## AUTOMATIC DIFFERENTIATION WITH `TORCH.AUTOGRAD` ## 

When training neural networks, the most frequently used algorithm is back propagation. In this algorithm, parameters (model weights) are adjusted according to the gradient of the loss function with respect to the given parameter.

To compute those gradients, PyTorch has a built-in differentiation engine called torch.autograd. It supports automatic computation of gradient for any computational graph.

In [5]:
import torch 

x = torch.ones(5)  # input tensor
y = torch.zeros(3)  # expected output
w = torch.randn(5, 3, requires_grad=True)
b = torch.randn(3, requires_grad=True)
z = torch.matmul(x, w)+b
loss = torch.nn.functional.binary_cross_entropy_with_logits(z, y) # reference is added for backward propagation

In [6]:
print('Gradient function for b =',b.grad_fn)
print('Gradient function for z =',z.grad_fn)
print('Gradient function for loss =', loss.grad_fn)

Gradient function for b = None
Gradient function for z = <AddBackward0 object at 0x000002373D6D4AF0>
Gradient function for loss = <BinaryCrossEntropyWithLogitsBackward object at 0x000002373D6D43A0>


To optimize weights of parameters in the neural network, we need to compute the derivatives of our loss function with respect to parameters. To compute those derivatives, we call loss.backward(), and then retrieve the values from w.grad and b.grad:

#### We can only perform gradient calculations using backward once on a given graph, for performance reasons.

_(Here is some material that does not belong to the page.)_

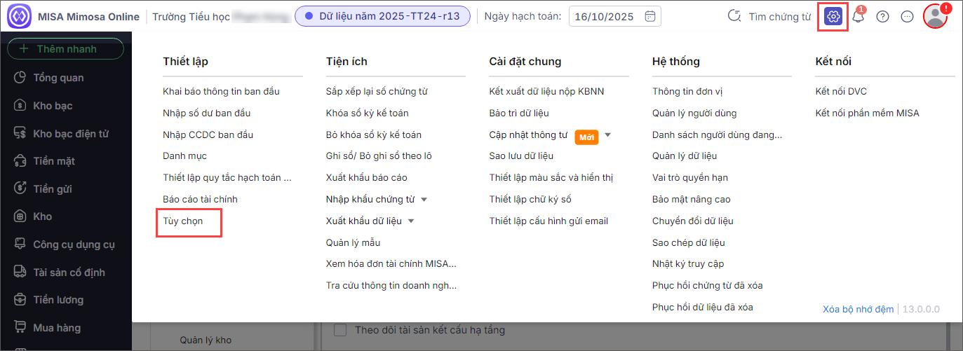 Bước 1: Vào biểu tượng bánh răng ⚙ ( góc phải phía trên )Thiết lập\Tùy chọn.

If we need to do several backward calls on the same graph, we need to pass `retain_graph=True` to the backward call ####

In [10]:
loss.backward(retain_graph=False)
print(w.grad)
print(b.grad)

tensor([[1.2419, 0.3172, 1.1146],
        [1.2419, 0.3172, 1.1146],
        [1.2419, 0.3172, 1.1146],
        [1.2419, 0.3172, 1.1146],
        [1.2419, 0.3172, 1.1146]])
tensor([1.2419, 0.3172, 1.1146])


By default, all tensors with requires_grad=True are tracking their computational history and support gradient computation. However, there are some cases when we do not need to do that, for example, when we have trained the model and just want to apply it to some input data, i.e. we only want to do forward computations through the network. We can stop tracking computations by surrounding our computation code with torch.no_grad() block:

In [25]:
z = torch.matmul(x, w)+b
print(z.requires_grad)

with torch.no_grad():
    z = torch.matmul(x, w)+b
print(z.requires_grad)

True
False


In [28]:
# Achieves the same result

z = torch.matmul(x, w)+b
z_det = z.detach()
print(z_det.requires_grad)

False


### There are reasons you might want to disable gradient tracking: ###
- To mark some parameters in your neural network at frozen parameters. This is a very common scenario for finetuning a pretrained network (more on this later!)
- To speed up computations when you are only doing forward pass, because computations on tensors that do not track gradients would be more efficient.